*** Opening of SOURCE MATERIAL ***
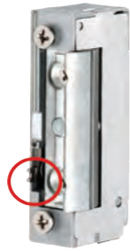
GÂCHE 128 E SS TET 10/24V Gâche électrique à émission de courant et contact stationnaire REF 320.1800
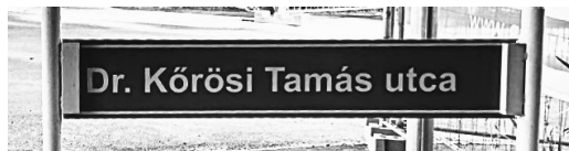
Dr. Kőrösi Tamásról elnevezett utca névtáblája Győrben, 2022-ben
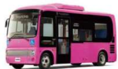
運行車両のイメージ
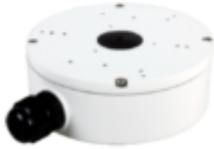
A22 Junction Box
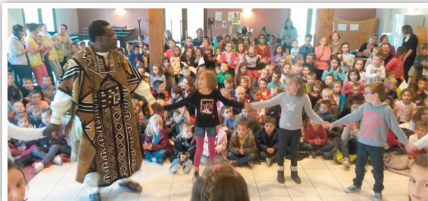
L'ensemble des élèves de l'école publique Alexis Maneyrol inscrit aux T.A.P. a assisté au spectacle de fin de période.
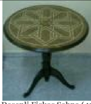
Desenli Fiskos Sehpa (41) 45 TL

Büyük G:55 D:55 Y:50; Orta G:42 D:42 Y:46; Küçük G:28 D:28 Y:42 ölçülerinde, iç içe geçebilen üç adet üçgen formda servis sehpa takımı.
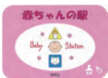
▲ステッカー ▲のぼり旗

乳幼児を育てる方が、外出時に気軽に授乳やおむつ替えなどを行える「赤ちゃんの駅」を、区内施設に設置しています。赤ちゃんの駅がある施設には、のぼり旗・ステッカーを掲示しています。
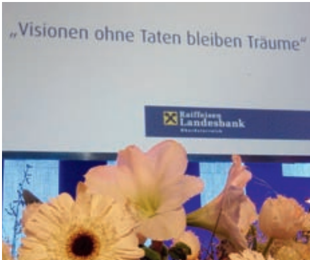
Die Raiffeisenlandesbank OÖ lässt Visionen Taten folgen.

auf ausreichend Liquidität achten. Die Raiffeisenlandesbank OÖ ist mit 3,3 Milliarden Euro Liquiditätsreserven in das Jahr 2010 gegangen.
*** Close of SOURCE MATERIAL ***
# WHAT IS REQUIRED
For the word "のぼり旗", return every line of the records that holds it.

# EXERCISE ANSWER
▲ステッカー ▲のぼり旗
乳幼児を育てる方が、外出時に気軽に授乳やおむつ替えなどを行える「赤ちゃんの駅」を、区内施設に設置しています。赤ちゃんの駅がある施設には、のぼり旗・ステッカーを掲示しています。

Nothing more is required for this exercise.